Brief
All lines in the data below carrying the string "Galerie" are to be located and copied.

*** Opening of Data to use ***

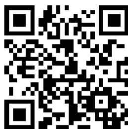
HMS-kort i bygge- og anleggsnæringen
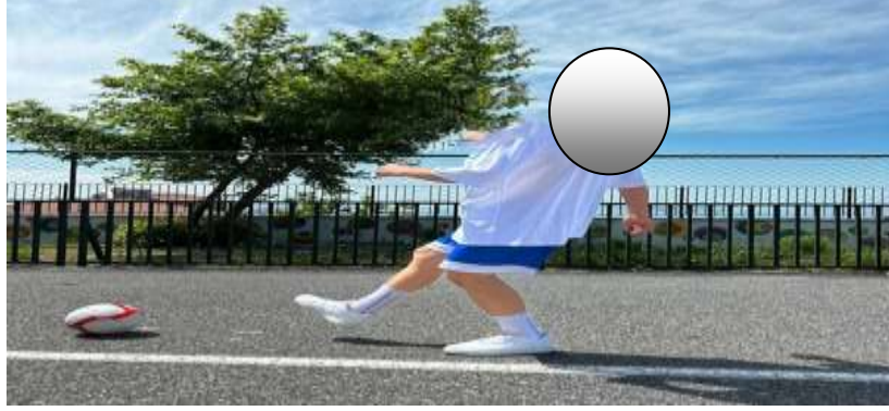
Şekil 3.10: Duran Topa Ayakla Vurma Örnek Resim

Yakalama kriterlerinin değerlendirilmesi, kolların ileri ve bükülü hareketini kullanarak, topu yakalamak için uzanarak ve yalnızca ellerin göğüs hizasında temas artışı sağlayarak top yakalama yeteneğinin değerlendirilmesini içerir (Allen ve ark. , 2017).
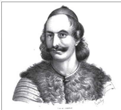
Ο Ιωάννης Γκούρας. Λιθογραφία, Λεύκωμα Giovanni Boggi, Εθνικό Ιστορικό Μουσείο
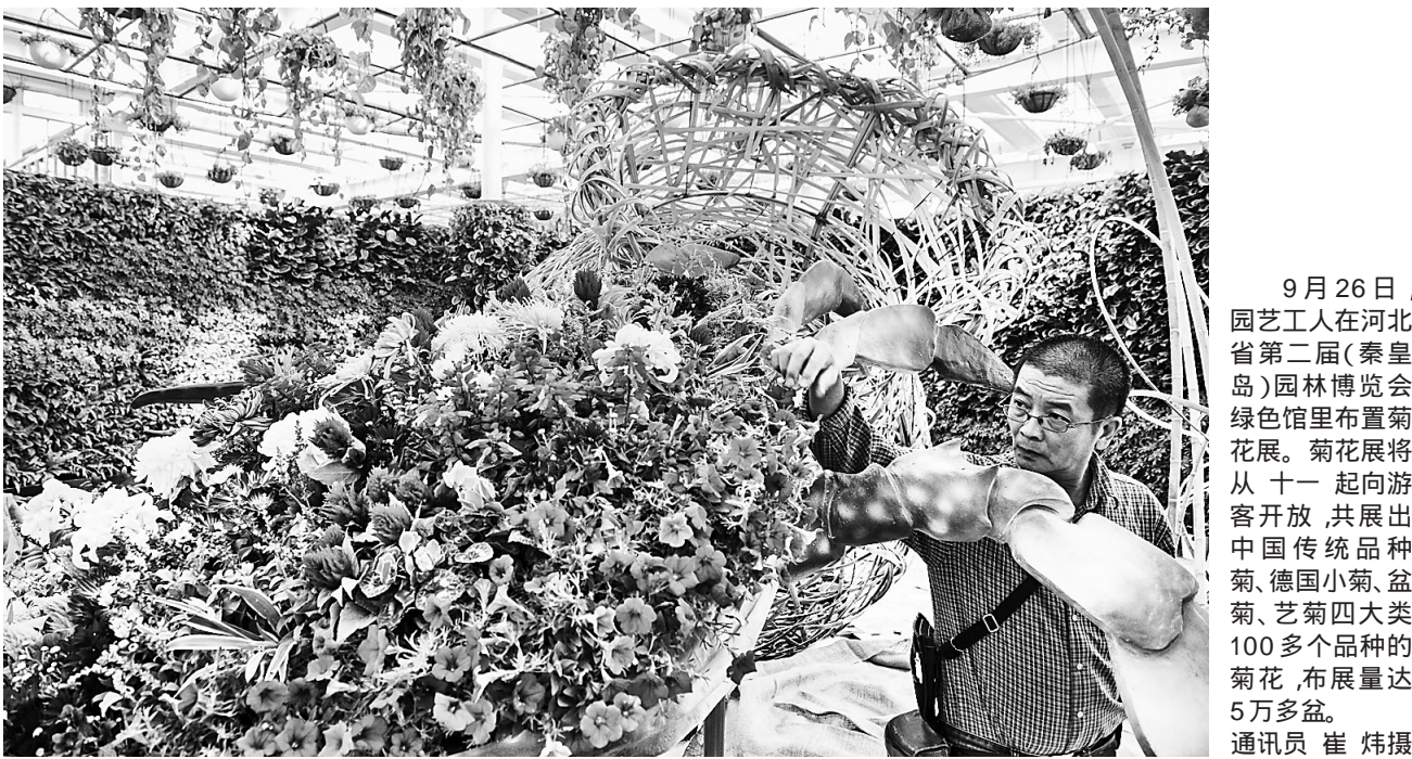
9月26日,园艺工人在河北省第二届(秦皇岛)园林博览会绿色馆里布置菊花展。菊花展将从十一一起向游客开放,共展出中国传统品种菊、德国小菊、盆菊、艺菊四大类100多个品种的菊花,布展量达5万多盆。

秦皇岛开发区建立以来,全区累计批准外资项目700余个,实际利用外资36.8亿美元,已有35个国家和地区的客商投资落户,美国通用电气、英国TI、韩国LG等一批世界500强企业和跨国公司落地兴业。
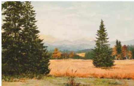
Stanislav Čapka: Beskydy

Společná zemská výstava s názvem Malující železničáři se koná ve dnech 13. až 15. března v Galerii 9 ve Vysočanech. Vernisáž se uskuteční v pondělí 12. března v 15.30 hodin.
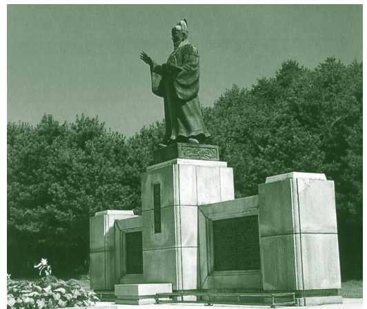
▶ 세종대왕 동상
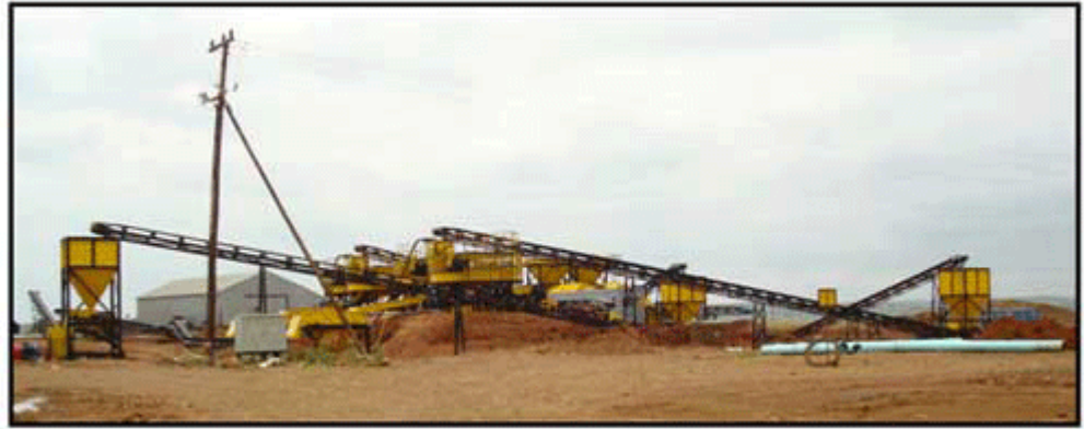
Installation of new pan plant facilities at the Tirisano mine site

Etruscan Resources Inc. hält 53,7% Anteile an Etruscan Diamonds, Mountain Lake Resources Inc. (TSXV: MOA) hält 16,2% der Anteile und andere dritte Parteien halten 30,1% der Anteile. Etruscan Diamonds hält einen 74%igen Anteil am Blue Gum Projekt, die verbleibenden 26% werden von Etruscan Diamonds schwarzem Beteiligungspartner, der Mogopa Minerals (Pty) Ltd. gehalten.
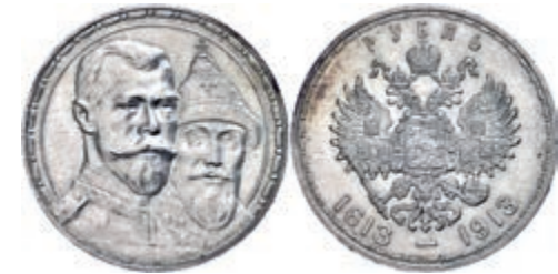
289 Rubel, 1913, Nikolaus II., St. Petersburg, 300 Jahre Romanov Dynastie, Bitkin 336, kl. Rf., vz. 80,—
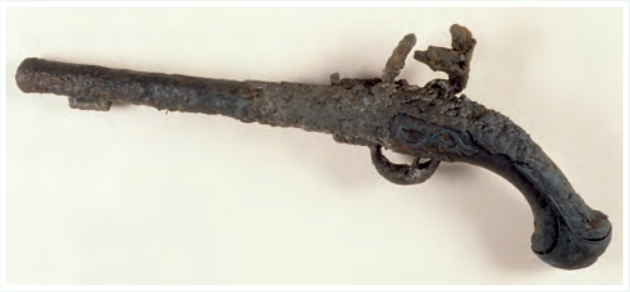
Piostal oifigigh 1700-1750. Seans gur ar láthair troda a aimseofaí rud mar seo.
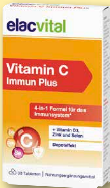
elacvital Vitamin C Immun Plus 30 Stück
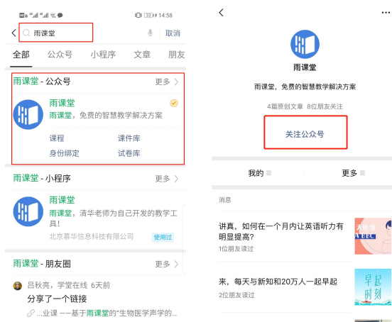
图 1 关注“雨课堂”
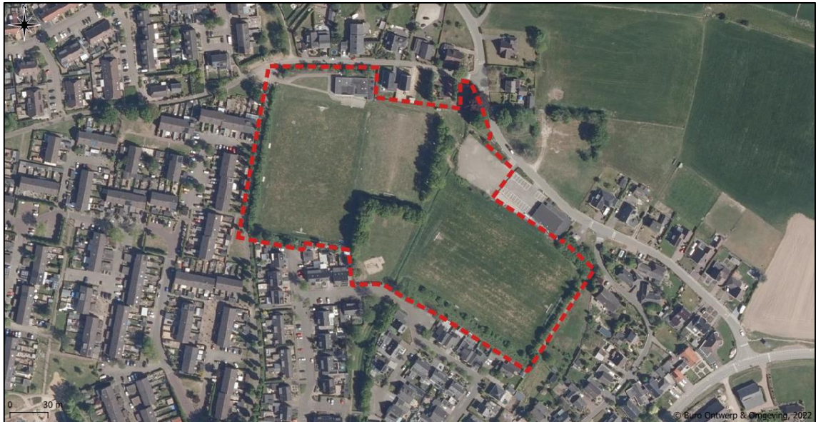
Globale begrenzing plangebied
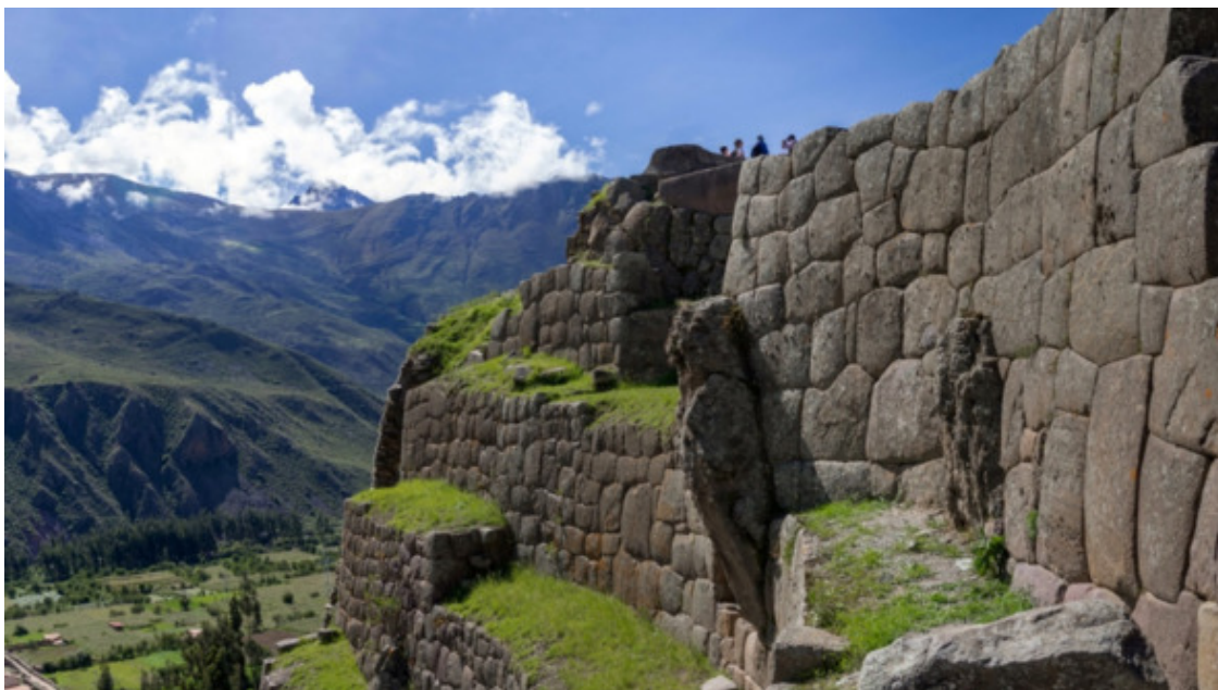
Рис. 2. Ольянтайтамбо [51]
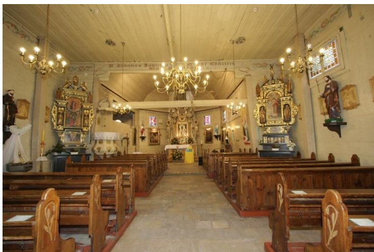
fot.6 Wnętrze kościoła w Poniszowicach ówczesny stan obecny
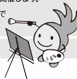
城南区のシンボルキャラクター 油山の妖精「ニコリん」

趣 旨 「城南区市民アート展」は城南区の文化活動を促進し、発表や鑑賞の場を提供することにより、美術活動の振興や市民のコミュニティづくりの推進、青少年の健全育成を図ることを目的として開催します。 会 期 令和3年12月14日(火)～19日(日) 9:30～17:30 ※入館は17:00まで 会 場 福岡市美術館(中央区大濠公園1-6) 2階ギャラリーA・B・C・D・E
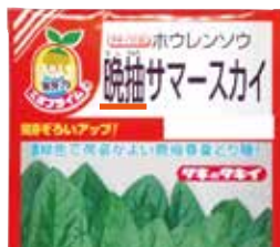
↑ホウレンソウ「晩抽サマースカイ」(タキイ種苗)
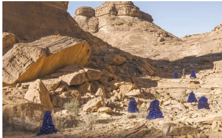
من أعمال قادر عطية (الهيئة الملكية للعُلا)
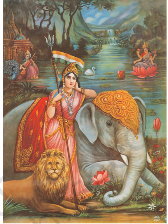
चित्र 14 - भारत माता।

लोगों को एकजुट करने की इन कोशिशों की अपनी समस्याएँ थीं। जिस अतीत का गौरवगान किया जा रहा था वह हिंदुओं का अतीत था। जिन
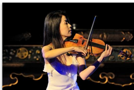
川井郁子ヴァイオリン演奏
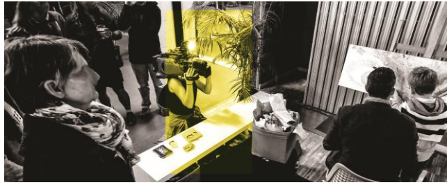
David Terrazano @ Filleul Galerie

Comme l'année passée la Filleul Galerie présentera 13 de ses artistes sur 3 espaces : l'atrium, le couloir et la salle Rubis pour vous accueillir sur 450m2 .
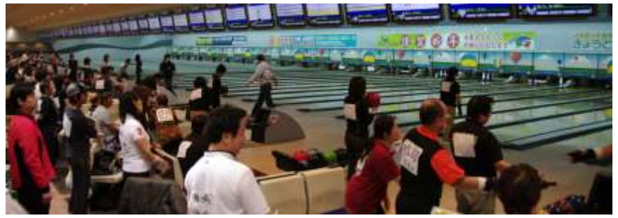
1 月 10 日 ( 日 ) 第 40 回 伏見区民ボウリング大会 (MKボウル山科)
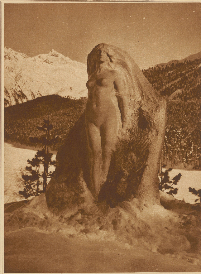
Das Segantini-Denkmal in St. Moritz
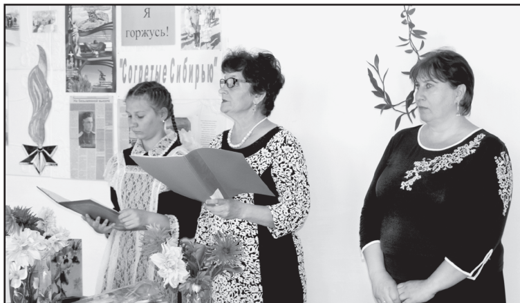
Открытие «Школьной регаты»

*** Close of Data to use ***

Response for this exercise
David Terrazano @ Filleul Galerie
Comme l'année passée la Filleul Galerie présentera 13 de ses artistes sur 3 espaces : l'atrium, le couloir et la salle Rubis pour vous accueillir sur 450m2 .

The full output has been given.